Download or read book Lights Camera Action and the Brain written by Maher Bahloul and published by Cambridge Scholars Publishing. This book was released on 2012-01-17 with total page 345 pages. Available in PDF, EPUB and Kindle. Book excerpt: Lights! Camera! Action and the brain: The Use of Film in Education is about an innovative pedagogy whereby performing arts and digital production play a key role in teaching and learning. The book combines theory and practice; as such, it lays solid neurological foundations for film and media literacy, and provides several relevant practical applications from worldwide scholars. The book contains thirteen chapters three of which address a number of theoretical issues related to the camera and the brain while the remaining ten are practical illustrations of the extent to which film and video are used as pedagogical tools. In the book preface, Nikos Theodosakis, author of ‘The Director in the Classroom’, writes that the book contributors ‘have built a wonderful bridge for us to travel over’. In fact, the book chapters transcend age restrictions to include diverse age groups, children and young adults. The topics range from learning language and philosophy to learning about one’s self, one’s environment, and one’s cultural identity. Much more importantly, the book addresses the needs of regular and special needs learners. Arts in general, and films in particular, are shown to display salient and dynamic roles in appealing to a wide variety of regular and special needs learners. In short, the book is highly beneficial to educators and to education managers; it ‘will have the power to change teaching and the way the curriculum is perceived’ for several generations to come.

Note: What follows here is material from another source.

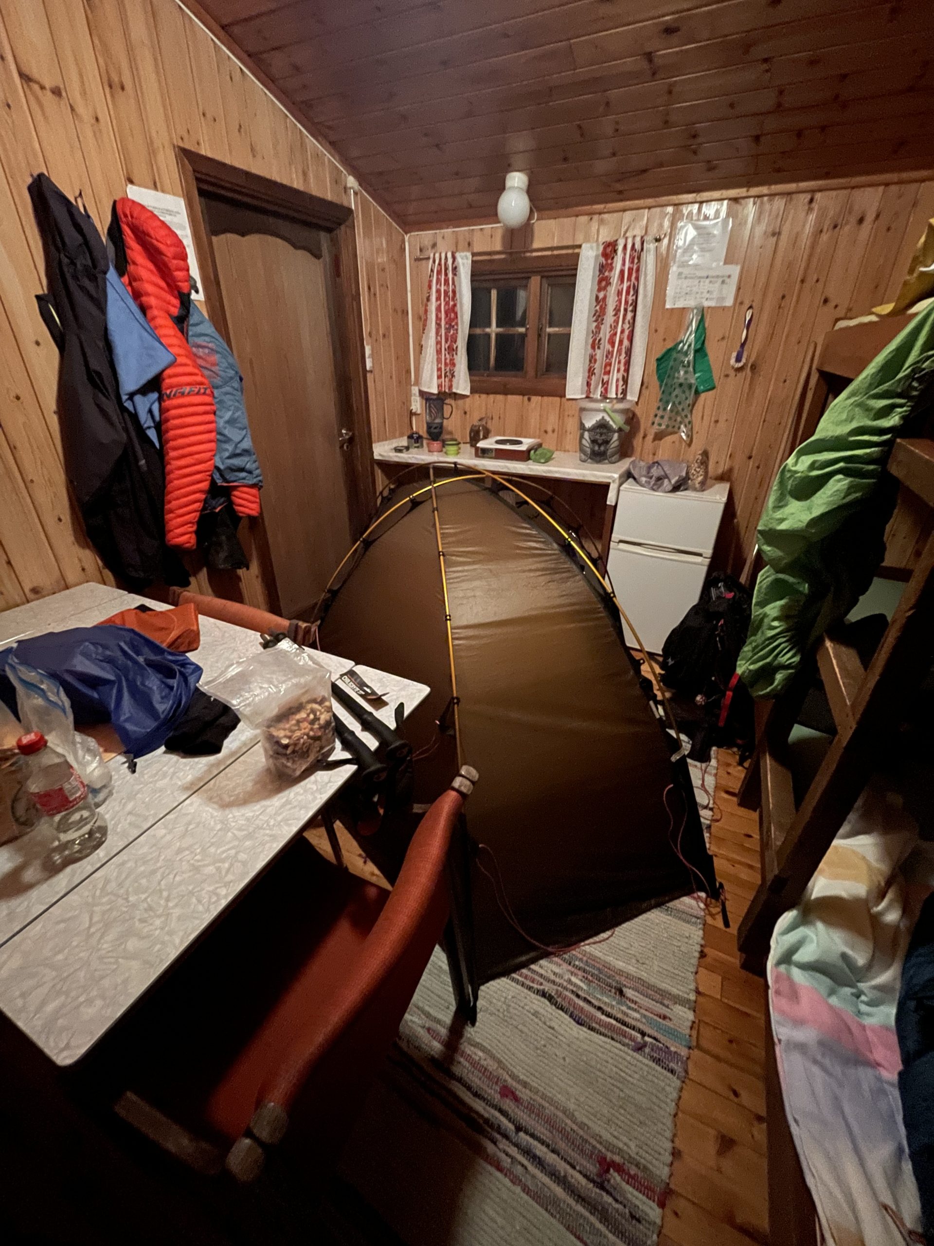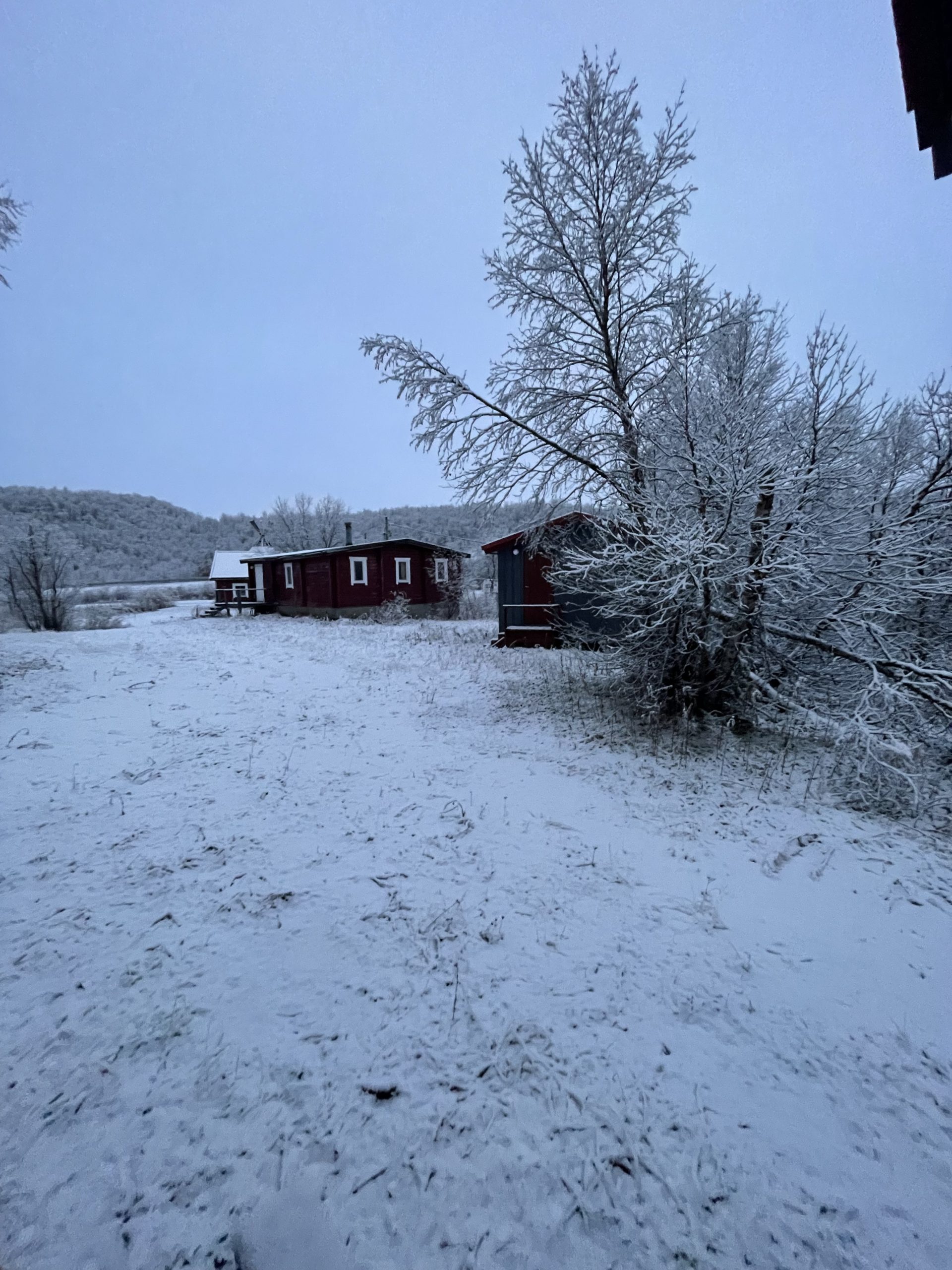 Kurze Zeit später beziehe ich meine Minihütte und verwandle die Bude in eine Trockenstube für mein Zelt. Jede! Möglichkeit dazu wird genutzt. Manchmal habe ich schon Mitleid mit den Hüttenvermietern… Aber trockenes Zelt geht vor, sorry! Und bevor ich die Hütte verlasse, wird auch immer brav aufgeräumt und geputzt. Bislang hat sich noch niemand über mich beschwert. Ich bin der Einzige, der gerade eine Hütte mietet und allgemein wirkt dieser Ort fast schon gespenstisch verlassen. Der Norden versinkt wohl allmählich in seinen langen Winterschlaf.

Download or read book Reception written by Ika Willis and published by Routledge. This book was released on 2017-10-04 with total page 288 pages. Available in PDF, EPUB and Kindle. Book excerpt: Reception introduces students and academics alike to the study of the way in which texts are received by readers, viewers, and audiences. Organized conceptually and thematically, this book provides a much-needed overview of the field, drawing on work in literary and cultural studies as well as Classics, Biblical studies, medievalism, and the media history of the book. It provides new ways of understanding and configuring the relationships between the various terminologies and theories that comprise reception study, and suggests potential ways forward for study and research in the light of such new configurations. Written in a clear and accessible style, this is the ideal introduction to the study of reception.